Последний раз я видел соседку под Новый год – пришла за дрожжами к Марьюшке. Во внешности не заметил я особых перемен, но в глазах потухло, как бы загасли душевные свечечки под порывом черного ветра. И вдруг заплакала, зажалобилась, тоска, что гнездилась внутри и которую некому было излить во всей полноте, неудержимо запросилась наружу. Пред такими сердечными приступами и самый сильный человек бессилен... Все, говорит, немило. Опухоль появилась на плече желваком, недели с три назад. Осталось, говорит, нас от матери шестеро, выросли, голодали... Только бы, говорит, пожить, еще не старая, шестьдесят семь лет. Все вроде бы есть, пенсию носят, не голодаем, много ли двум старикам надо. А тут помирать. И про мать тут же вспомнила. Мама-то, говорит, умирала шестидесяти пяти. Рак желудка был. Я приду к ней, плачу. Она говорит: «Клава, я думаю, тебе меня жалко, все плачешь... Не жалей, не надо. До шестидесяти пяти дожила, обеими руками перекрестись... Спасибо, Господи, что дал дожить до такой старости. А ты плачешь, ведь сколько нынче молодыми погибает, в самом соку». Мне и брат говорит: «Что ты, Клава, переживаешь. Ну на три года больше проживешь, на три меньше. Все одно помирать-то». Я ему-то: «Помирать-то, конечно, всем, мы не бессмертны, но пожить-то охота. Если бы назад с того света ворачивались, другое дело».

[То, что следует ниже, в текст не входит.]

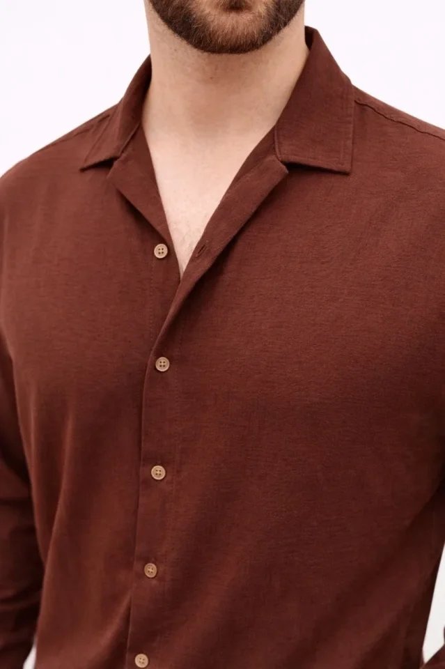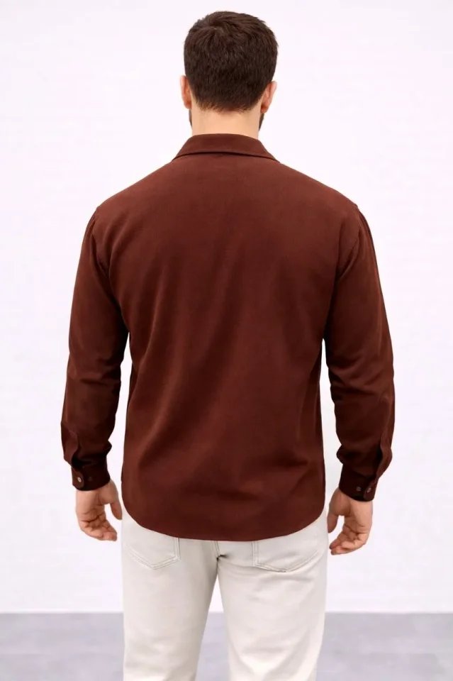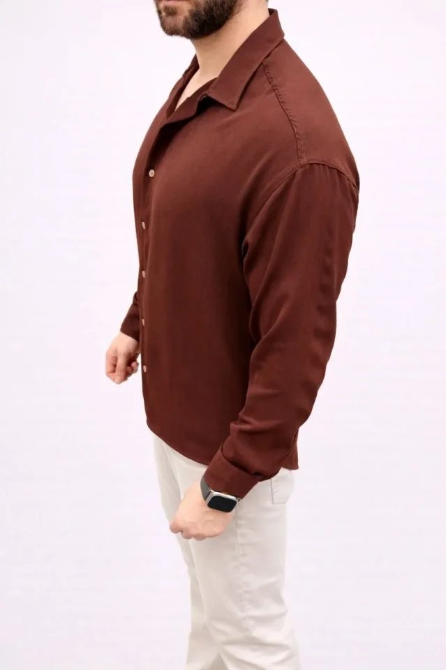 Erkek Aerobin Kumaş Oversize 4 Mevsim Uzun Kollu Rahat Kalıp Gömlek – Kahverengi

– Все хорошо будет, обойдется, – утешил я соседку, – такое ли еще случается. – Вот и все, что я мог сказать, глядя в потускневшие глаза, на тестяные щеки, на тонкие бровки, подведенные черным карандашом. Но и этих истертых слов, оказывается, порой достаточно человеку, чтобы укрепить его в вере. Тетя Клава пошла к себе, а лицо ее осветилось улыбкой. Когда она улыбалась, лицо ее хорошело, становилось таким истинно русским, доброрадным.
Я даже приостановился у житья Мишаньковых, прислушался, невольно принюхался, но оттуда пахло сиротством, бобыльством, одиночеством, как из большой заброшенной конуры, словно бы там все вымерли. И моя грусть невольно передалась матери, она странно занервничала, не знала куда приложить свой узелок с немудрящими пожитками. Я долго возился у своей железной двери, мысленно повелевал ей открыться, копался в замках, а мать за спиною протяжно вздыхала и бормотала скрипуче, назойливо испепливая меня неприятным, отчужденным взглядом.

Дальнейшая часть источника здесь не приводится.